Dr. White-Means is happy with the global focus on health disparities and health equity now, as she continues her work to identify solutions for achieving health equity. These solutions address necessary changes within health care systems, as well as changes in social determinants of poor health outcomes based on where individuals live, work, and play.
Moving ahead
In October, Dr. White-Means presented a paper at the Hooks Institute for Social Change at the University of Memphis on the impact of job types on individual health. Titled, “Workplace Setting and Job Types as Determinants of Health Disparities,” the paper harked back to her original work with the migrant farmers.
She said she produced the paper to make people aware that the jobs they have chosen will impact health outcomes. Gig-market or contract jobs that don’t carry health care coverage tend to be filled by minorities. “We need to look at what is going on in the labor force,” she said. “It’s not just about wages. Employees need to be aware that job choices and the growing racial divide in the quality of jobs impact health over the lifetime.”

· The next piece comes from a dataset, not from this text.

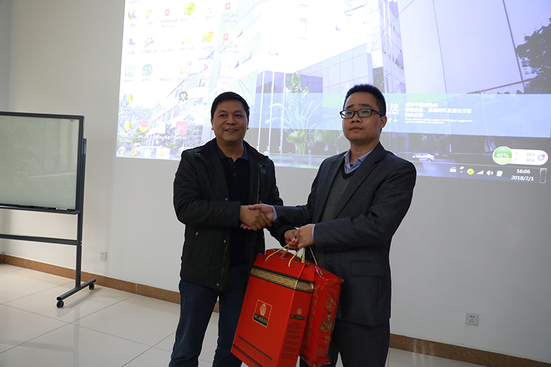 座談會(huì )上,黃樂(lè )瑜書(shū)記介紹了松山湖2017年黨組織情況,分析了園區過(guò)去一年的喜人業(yè)績(jì),以及2018年工作規劃,同時(shí)對正業(yè)科技作為園區內具有知名度的上市公司,對其黨支部的2018年黨建工作寄予殷切厚望,為黨員職工送上慰問(wèn)禮品,在寒冷的冬季為企業(yè)基層黨員送來(lái)熱情的節日問(wèn)候。

At this point, Dr. White-Means said she feels she has made a contribution, but there is more to do. She is especially pleased that the university has adopted the social determinants of health as the focus of its Quality Enhancement Plan, a multiyear transformative learning initiative. Understanding the role of social determinants is a critical area of emphasis in Memphis, a city that reports racial and ethnic disparities in most health outcomes, she said.
“We want to make sure every student who enters the doors at this university has a knowledge of, application in, and training in the social determinants of health,” she said. “It’s not a taboo to talk about these kinds of issues. Cultural competency is important. Students need to understand that socioeconomics, education, and other factors not only affect health status, but also impact patient compliance and how health providers communicate and interact with patients in order to understand their needs.”